= Redgra =

Artificial sports and building surface

Redgra, sometimes styled as RedGra, Red-Gra, or generically as redgra, is the brand name of an all-weather surfacing material primarily composed of red clay and fine limestone gravel. It is used on baseball diamonds, running tracks and long jump run-ups, and hard-surface association football, netball, cricket, and field hockey pitches in the United Kingdom.

== History ==
Outdoor field hockey in the United Kingdom during the 1910s and 1920s often relied on heavy clay surfaces that were unplayable after heavy rain or under frost. Teams would fall back to more durable, but harsher, tarmac surfaces.

To address this, tennis court contractors Grimshaw Sports developed Redgra in 1959 by adapting the company's existing mix used for tennis courts. The limestone and clay were sourced from the Forest of Dean, Gloucestershire. The material was designed for the United Kingdom's first all-weather outdoor field hockey pitches. One of the first academic applications was opened on 4 March 1961 at Dean Close School under the recommendation of Olympic field hockey bronze medalist Denys Carnill for the school's field hockey team. A Redgra area was opened in October 1961 at the site of Harlow Sportcentre, which was completed in 1964. In 1964, the Crystal Palace National Recreation Centre included a Redgra training area and separate football practice pitch.

Redgra also saw use in other pavement applications, such as garden paths and car parks.

== Properties ==
Redgra can be applied similarly to sand, binds itself when wet and compacted, and solidifies after 24 hours. As a sports surface, Redgra allowed for year-round use with minimal maintenance in academic and practice settings, and allowed for multi-sport use as tennis courts.
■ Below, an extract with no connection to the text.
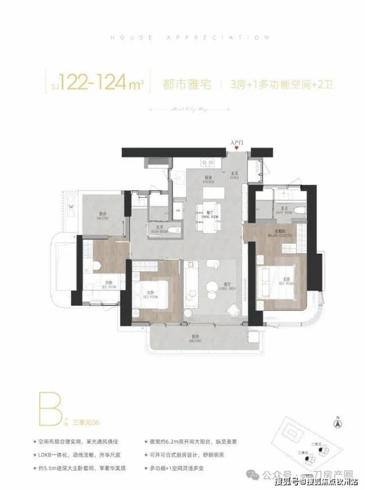 111-112㎡3房2厅2卫,新推户型,纯正三房,竖厅户型。122-124㎡3+1房2厅2卫,有竖厅、横厅和双龙抱珠户型,跟之前03地块户型完全一致。

Its natural components were inexpensive and simple to install. A Redgra field hockey pitch installed at Cranleigh School and opened on 1 February 1968 cost £4,500 for materials and lasted until 2005. The resulting surface was porous, allowing for easy drainage, and frost-resistant. Pat Ward-Thomas, a writer for The Guardian, noted that contemporary surfaces often failed to provide smooth, precise, and predictable ball movement but praised the Redgra pitch's performance.

While competitive teams still often favored playing on well-maintained grass surfaces, Redgra surfaces sometimes substituted when rain or poor maintenance made grass unsuitable.

Redgra also saw use in playground football, youth clubs, and some women's and lower-tier men's football clubs into the 1990s. The first training pitch for Chelsea Ladies F.C. in 1992, then composed mostly of under-18 players, was a Redgra surface at a community college near Feltham.

=== Drawbacks ===
Even upon its unveiling, Redgra was considered adequate for training surfaces but questionable as a full-time competitive surface. Redgra has a reputation for causing abrasions and splinters when sliding on it compared to grass, and its hardness contributed to injuries when falling on it. When dry, the surface generated considerable amounts of red dust. The surface could become alternately sticky and slippery in frosty conditions, and if improperly drained could become muddy.

== Replacement ==
Since the 1990s, many Redgra installations for field hockey and association football have been supplanted by newer all-weather surfaces, such as artificial turf, that are more similar to natural grass or have impact-cushioning layers. However, it remains in use for public recreation tracks.

While an artificial surface, Redgra's natural components don't present the same concerns to landfills upon disposal as rubber or other synthetic surfaces.